Turning on my tiny flashlight I saw a small sketch of an eagle. It was beautiful and I turned it over to see if there was any explanation. On the back I saw the precise handwriting of the sergeant—the handwriting of my father.
On the back of this paper you have probably noticed the eagle I have drawn. I know this symbol is nothing new to you, but I want you to see it for everything it represents. I want you to remember that you are this eagle. You are the peacekeeper and the protector. Every day you fight and serve, but every sacrifice you give is something few can do and even fewer can do it with the strength and ability you do. I have neglected to say this to you, but it is something I have known for a long time: You were born to serve and born to protect. I hope you understand that all I have done and the orders I have given you were for your well being. I know the heart you have, and I hope you can find the pride and strength in knowing that every day you are protecting your family. But even more, you are protecting thousands of families across the world. I am proud of you son, and I love you. I may not have always been the best father, but I have done what I could, and I know I must have done something right. Stay safe and stay strong.

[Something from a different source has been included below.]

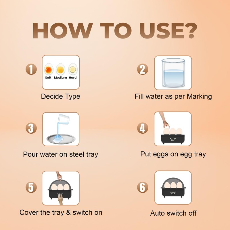 - NO WATCH NEEDED: This egg boiler turns off automatically after the egg boils, so you don't have to constantly check on your eggs.

I saw my father as though he stood before me. He saluted me before disappearing into my subconscious.
I understood.
It was my duty to my country, as the sergeant would say, but it was more than that. It was a duty to my family and a duty to myself. I finally understood my father’s reasoning as I lay in the darkness among my brothers. My father had been the protector. He was the guardian, the figure of strength, protecting not only his family but also the thousands of families across the globe. Now it was my turn. I was the guardian now. I was protecting my country. I was protecting my family. I could have chosen to serve in some other way, but I now knew that no other way would be as fit for me. I had found my place among the guardians of good. Together my brothers and I could be the protectors, something we couldn’t be alone.
I was protecting Mindy.
I no longer had to fear for her safety. I could see now. She was already protected. She was protected from afar and she was protected by me. I could not see her now but I would in one way or another. And I would return to her with the knowledge that I had protected her in the best way I could.
It may not always have been clear but the duty my father so often spoke of was one simple thing, it was my destiny. I had the power to refuse. but in doing so I would deny who I was. This duty was my destiny, and I finally saw that this was a destiny I was proud to fulfill.